• [TASK PROMPT]: Only the lines from the beginning of the data through the line holding "--name centos-test centos:centos7" belong in the answer, printed exactly and without pictures.

(Stored data entries)
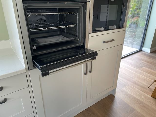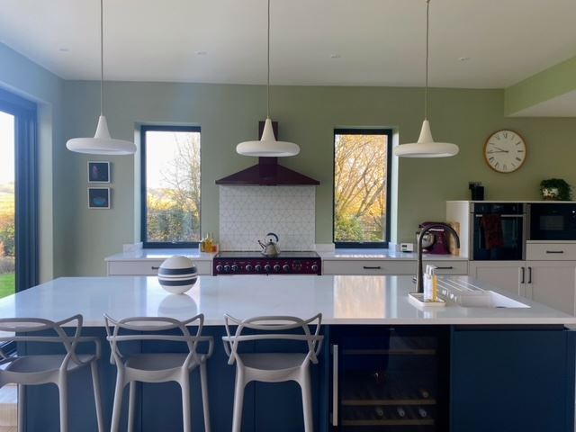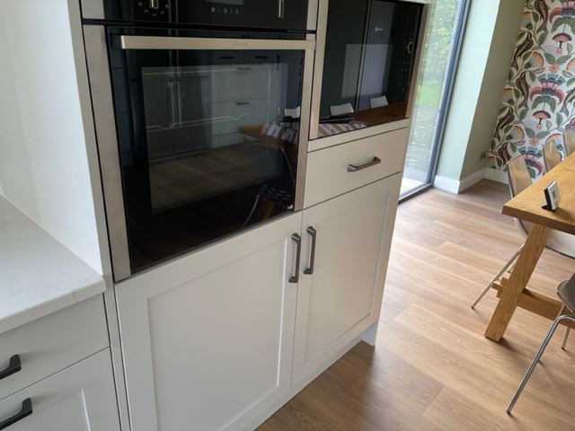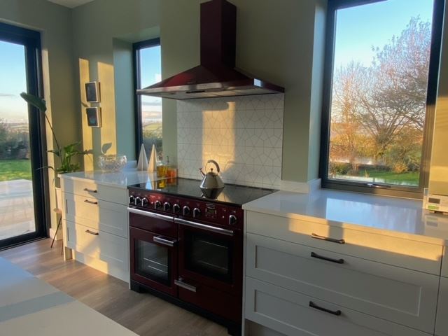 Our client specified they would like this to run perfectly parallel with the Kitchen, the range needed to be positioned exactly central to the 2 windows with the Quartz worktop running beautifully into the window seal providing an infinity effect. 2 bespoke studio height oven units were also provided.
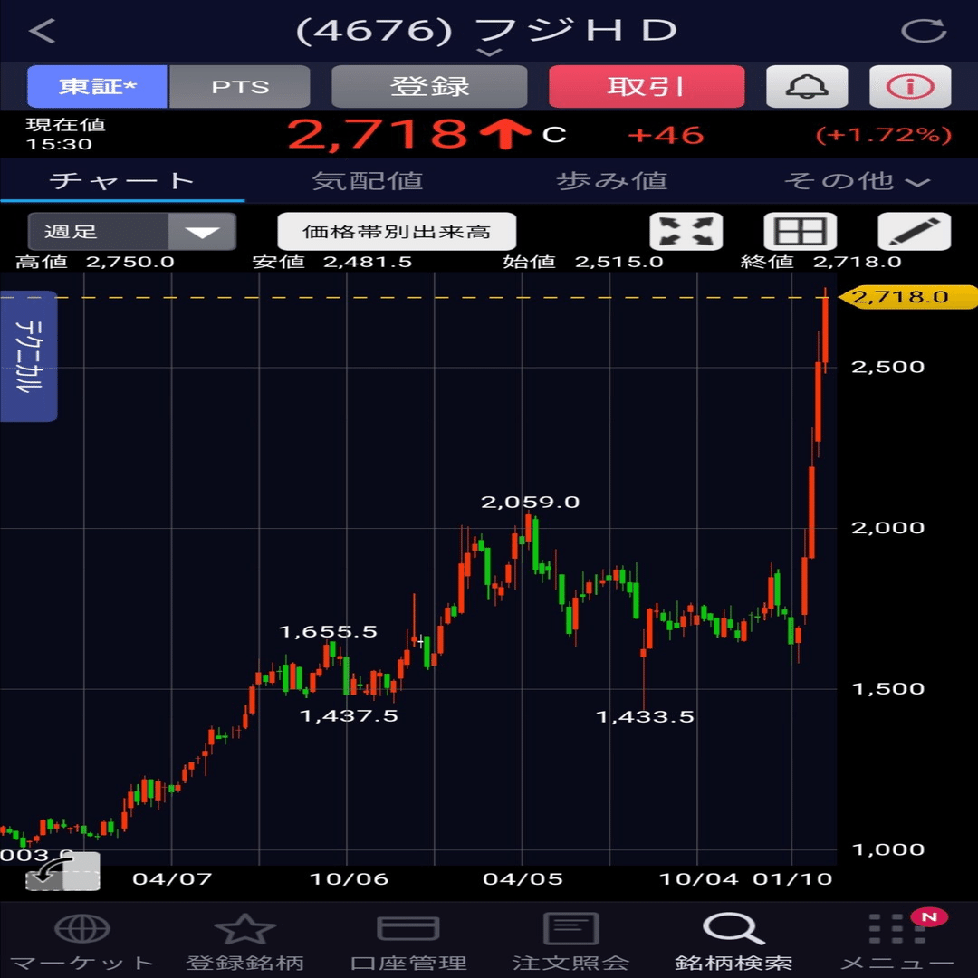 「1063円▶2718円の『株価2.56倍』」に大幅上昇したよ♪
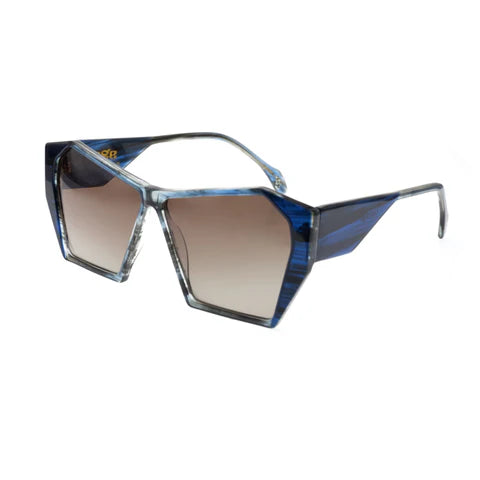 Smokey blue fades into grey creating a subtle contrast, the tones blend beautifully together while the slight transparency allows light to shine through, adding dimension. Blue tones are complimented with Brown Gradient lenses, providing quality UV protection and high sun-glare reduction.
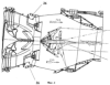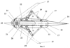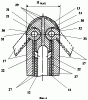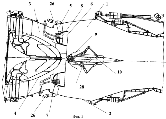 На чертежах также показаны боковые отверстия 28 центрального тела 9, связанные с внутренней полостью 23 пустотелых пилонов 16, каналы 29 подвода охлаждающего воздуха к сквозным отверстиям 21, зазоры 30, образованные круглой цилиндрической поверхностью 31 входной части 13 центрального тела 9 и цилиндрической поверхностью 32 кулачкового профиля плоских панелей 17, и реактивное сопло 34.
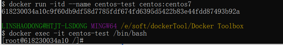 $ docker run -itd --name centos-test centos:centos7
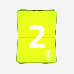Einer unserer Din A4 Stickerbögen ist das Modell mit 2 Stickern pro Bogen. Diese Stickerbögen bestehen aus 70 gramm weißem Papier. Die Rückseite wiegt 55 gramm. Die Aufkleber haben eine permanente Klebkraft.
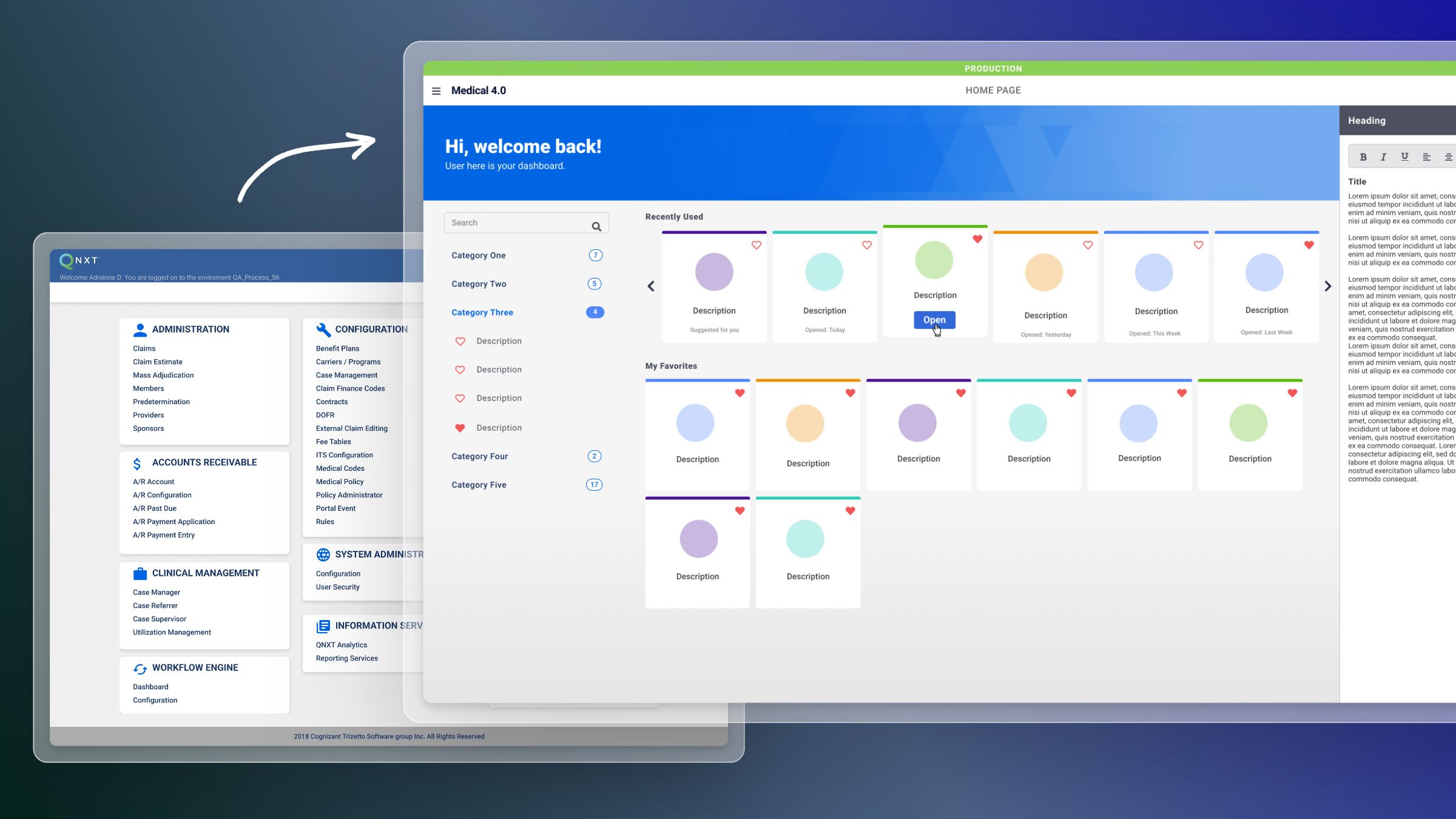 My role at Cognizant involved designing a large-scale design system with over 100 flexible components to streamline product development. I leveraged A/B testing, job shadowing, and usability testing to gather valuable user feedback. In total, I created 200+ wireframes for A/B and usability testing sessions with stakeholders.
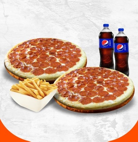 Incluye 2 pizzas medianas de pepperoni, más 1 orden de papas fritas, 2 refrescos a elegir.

• [EXERCISE ANSWER]:
 Our client specified they would like this to run perfectly parallel with the Kitchen, the range needed to be positioned exactly central to the 2 windows with the Quartz worktop running beautifully into the window seal providing an infinity effect. 2 bespoke studio height oven units were also provided.
 「1063円▶2718円の『株価2.56倍』」に大幅上昇したよ♪
 Smokey blue fades into grey creating a subtle contrast, the tones blend beautifully together while the slight transparency allows light to shine through, adding dimension. Blue tones are complimented with Brown Gradient lenses, providing quality UV protection and high sun-glare reduction.
 На чертежах также показаны боковые отверстия 28 центрального тела 9, связанные с внутренней полостью 23 пустотелых пилонов 16, каналы 29 подвода охлаждающего воздуха к сквозным отверстиям 21, зазоры 30, образованные круглой цилиндрической поверхностью 31 входной части 13 центрального тела 9 и цилиндрической поверхностью 32 кулачкового профиля плоских панелей 17, и реактивное сопло 34.
 $ docker run -itd --name centos-test centos:centos7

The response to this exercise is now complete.